Clothes, Geeks and Stereotypes

Clothes are brilliant. They can tell us what gigs you have been to, what event you are going to, what DIY job you are about to do. They even keep us warm.

My favourite piece of clothing is a dress.

With a dress there is no “ bum crack”, no “rolling tyres” showing and no “thunder thighs” for anyone to see. I feel confident, comfortable and relaxed in a dress. You are now more likely to see me in a dress than in jeans & t-shirt. In fact, I now don’t own any jeans. If you see me in jeans, they probably belong to my partner.

I have heard of people talking about the way they dress influences how willing people are to converse with them. It is as if people look at you and are fearful of talking to you because you dress “non geek”. They worry that .. well I am not telepathic so I can’t really tell you.
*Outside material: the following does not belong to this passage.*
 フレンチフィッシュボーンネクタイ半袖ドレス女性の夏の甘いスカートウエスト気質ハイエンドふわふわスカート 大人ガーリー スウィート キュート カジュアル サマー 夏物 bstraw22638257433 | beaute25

My naive self used to say *it was probably because they were shy or something else*. My logical mind said to me, what a person wears has no bearing on how interesting they are as a person. Because I do not look like a developer, does not mean I am not a developer. Right?

I recently went to a geek event where I wore a dress and on that particular day I didn’t meet any new people. I have now felt this effect and can say with a sad face, it happens. If you really think about it is not surprising, nor is it intentional.

Group A, Group B

As teenagers we all used to get categorized our peers based on what they wore and as adults we still do. That person there is a hipster because they are wearing a bobble hat and have a beard. This person is a goth because they are in all black and are wearing a coffin bag.
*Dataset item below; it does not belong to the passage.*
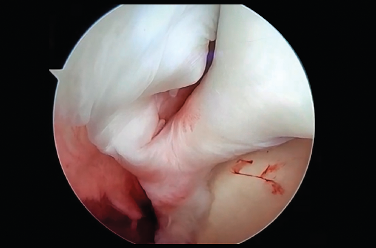 Image obtained from the lateral port, through complete supraspinatus rupture. We observe a MESO sb (small band) variant, identifying cord- or band-like tissue running from the main origin of the long portion of the biceps (LPB), in the upper labrum, to contact with the supraspinatus or superior capsule.

Regardless if we like it or not stereotypes exist for a reason and I am not one to argue with the human brain so instead I conclude:

We will stereotype people regardless if we want to or not.

The problem with stereotypes is for a stereotype to form, you have to generalise our behaviour. It is easy to be base the generalisation on physical objects or visuals such as our clothing.

Is that it?

Just because we stereotype does not mean we shouldn’t be open to the possibility they are also more than the stereotype we initially perceived that person to be.

I vote that we, as a community, need to acknowledge we stereotype and not let it stop us from conversing with people.

We all have probably been prejudice against someone before because we have assumed something based on the stereotype you have given them.

We need to look further than the stereotypes and generalisation we place upon each other. We need to remember regardless of how they dress, they are probably as scared of striking a conversation with you as you are of them. You never know who you will befriend by taking that leap of faith.

I am not blind, I realise that I too have a part to play. I should make myself more approachable, whether this will include dressing more *geek* is yet to be seen.

There are improvements on both sides of the fence.

After an amusing conversation with @mgdm on twitter, I have struck a deal to go to PHPNW14 suited and booted with top hat, and he will dress in a kilt.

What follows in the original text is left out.